If we look a little closer, we will see that the second part of the expression in the loop is really just the probability of a crime in the dataset.  This let's us rewrite our code in the following way.

In [None]:
ll = 0.0
for category, prob in crime_probabilities.items():
    ll += -np.log(prob)*prob

print "log_loss", ll

This may look familiar to you.  This is almost exactly the formula for the [entropy of a discrete probability distribution](https://en.wikipedia.org/wiki/Entropy_%28information_theory%29).  The only difference is that the entropy uses a log with base 2 whereas the log loss typically uses the natural log.  This connection can give you some new ways to think about what this log loss really means.

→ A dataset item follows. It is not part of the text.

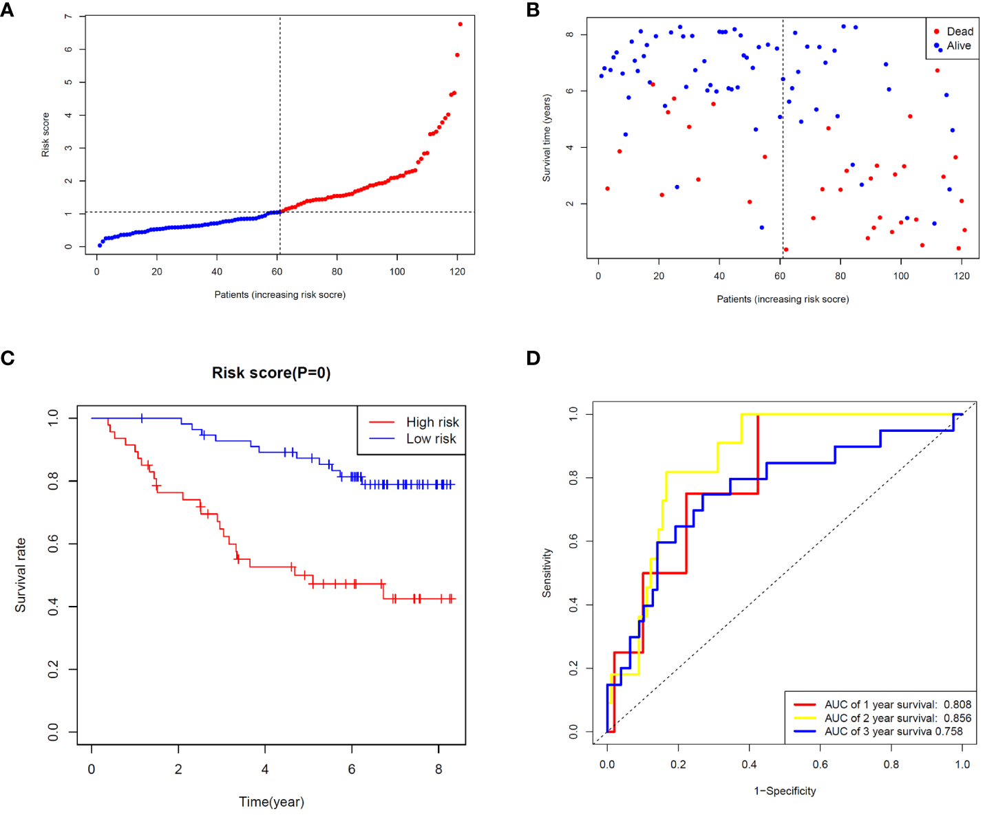 To validate the ability of the selected ZMRG signature to predict BC prognosis, we selected the external cohort GSE42568 (104 BC samples) from the GEO database. The risk model estimated risk scores for selected patients were calculated using the same formula and the same cut-off values were used to classify them as high- or low-risk patients (Figure 5A). Similar to the results obtained from the original TCGA cohort, patients in the high-risk group were more likely to die (Figure 5B). Survival analysis revealed significantly different survival rates between the two risk groups (Figure 5C). The AUCs were 0.808 and 0.758 for the ZMRGs at 1 and 3 years of follow-up, respectively, meaning we also achieved good predictive accuracy in the GEO cohort (Figure 5D).

One interpretation is that the entropy gives us the number of bits of randomness in each event.  Therefore, a crime in San Francisco has $2.68 \times \frac{\ln e}{\ln 2} = 3.87$ bits of randomness associated with it.  Any improvements that you can glean from your model can be quantified by calculating the gain in information that your model provides expressed in bits.  For instance, the leading model on Kaggle right now has a log loss of 2.05 which translates to 2.95 bits of randomness.  The difference betweeen these two is .91 bits.

Other ways to think about Entropy:
1.  On average how surprised are you when an event occurs?
2.  How much data would it take to encode a stream of events?  The inverse being, how much can you compress a stream of data given some underlying knowledge of its structure.